A final proposal might be that a priori knowledge, though not justification, requires that the proposition known be necessarily true, even if the person does not believe that it is necessarily true. The false propositions that we imagined someone could be a priori justified in believing are not counterexamples to this proposal because, being false, they are not known, and so not known a priori.

Saul Kripke argues that a person could have a priori knowledge of a contingent proposition. In particular, he thinks a person could know a priori that S, the standard meter stick in Paris, is one meter long at t0 if he fixed the reference of “one meter” by the definite description, “the length of S at t0,” even though that proposition is contingent (in other possible worlds, at t0 S is longer or shorter than a meter) (Kripke, 1972, 274-75).
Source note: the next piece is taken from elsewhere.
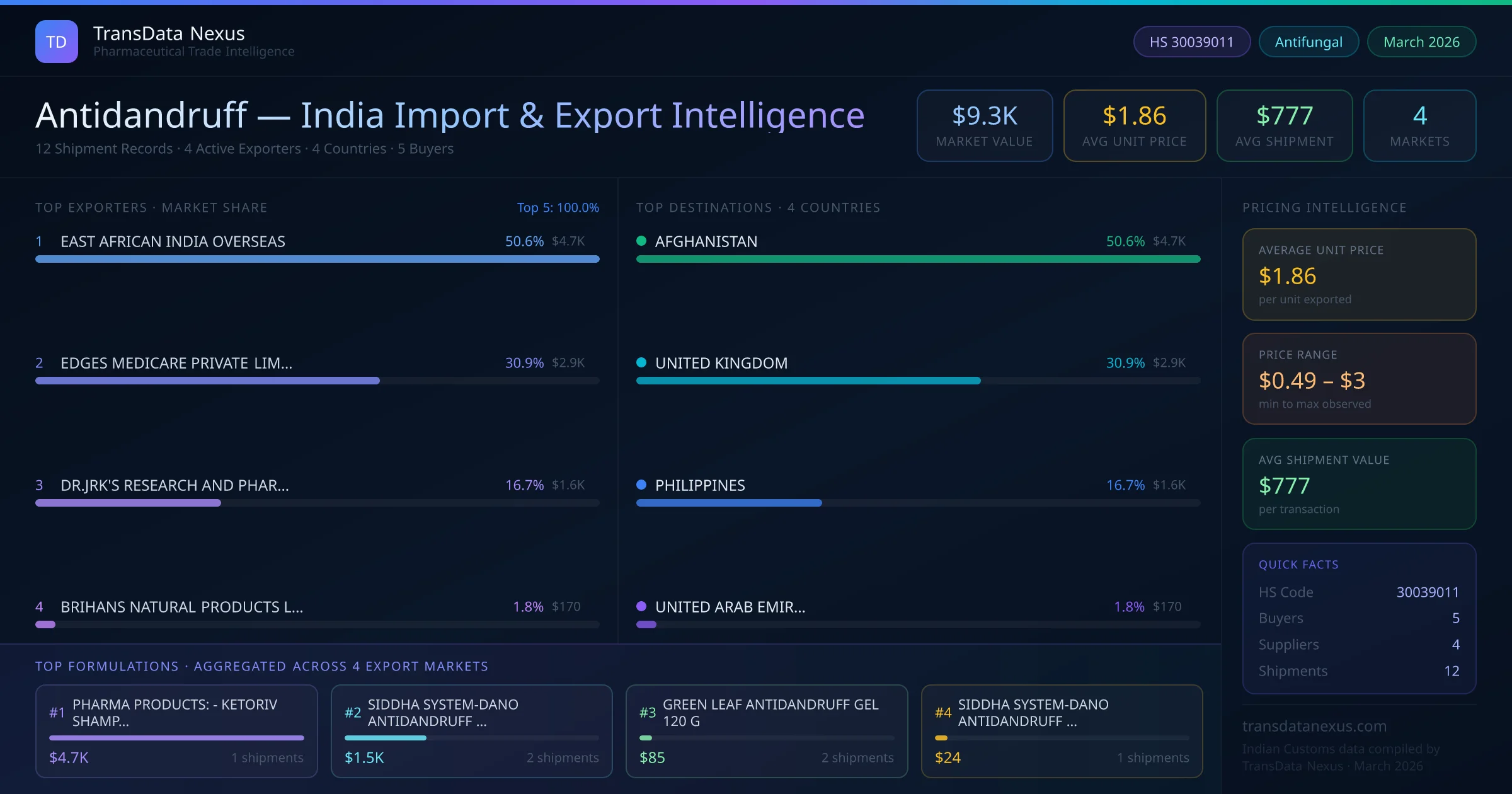 The total export value of antidandruff from India is $9.3K, recorded across 12 shipments from 4 active exporters to 4 countries. The average shipment value is $777.

Let's grant that a person can know a priori that if he has fixed the reference in the described way, then S is one meter long at t0. Still, he cannot know, or even be justified in believing, a priori that he did fix the reference in that way. He can only know by introspection that he intended to fix the reference of “one meter long” by what he did at t0, and S must have existed then for him to succeed in fixing the reference (if he were only hallucinating S he might be trying to fix the reference of “one meter,” but he could not succeed). So to know that he has fixed the reference of “one meter,” our subject must know certain things by introspection and others (namely, the existence of the S) by observation. So he can only know the consequent of the conditional we have granted that he knows a priori by introducing a premise that he only can know a posteriori. Hence, his knowledge of that consequent, which is that S is one meter long at t0, is also a posteriori, contrary to what Kripke claims. It does not matter that, “he knows automatically, without further investigation, that S is one meter long” (Kripke, 1972, 275). That is not sufficient for him to know a priori (that is, independent of experience) that S is one meter long (BonJour, 1998, 12-13 offers a similar argument).
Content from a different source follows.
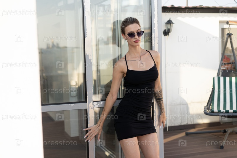 Молодая красивая женщина позирует в черном коротком платье на улице

While “the standard meter stick in Paris is one meter long” is not knowable a priori, the conditional cited in the previous paragraph is both knowable a priori and contingent. The proposition, “If Jones fixed the reference of ‘one meter’ by ‘the length of S at t0’, then S is one meter long at t0,” is not necessary because there is a possible world where Jones fixes the reference that way but the particular stick that was named ‘S’ in our world is not, in the other world, one meter long. Nevertheless, the contingent conditional can be known a priori because the truth of both its antecedent and consequent are assessed in the same world.

Gareth Evans discussed another sort of conditional sentence that also seems to express contingent a priori truths. Consider the proposition, “If actually p, then p” and the particular instantiation of it, “If the post is actually red, then it is red.” What “actually” does here is to index the proposition about the post's being red to some particular world, call it W1. So the relevant proposition says: necessarily, if the post is red in W1, then it is red. To determine whether this conditional is necessarily true, we have to consider whether it is true in every possible world. But surely it is not. There is some possible world, say, W100 where “the post is red in W1” is true, but it is false that the post is red because in W100 it is, say, green. So the proposition, “If the post is actually red, it is red,” is not necessary, but it is still true. Further, it can be known a priori because the truth of that contingent proposition depends solely on how things are in the actual world, and, of course, if the post is red in W1 (the actual world), it is red. The consequent of this conditional is true since its truth is determined by how things are in the actual world, W1. Once we see this we can know a priori that the proposition is true, even though it is in fact contingent, not necessary. Further, we can know that the contingent proposition is true solely on the basis of understanding that proposition (cf. Evans 1979: 83-85 for this entire paragraph).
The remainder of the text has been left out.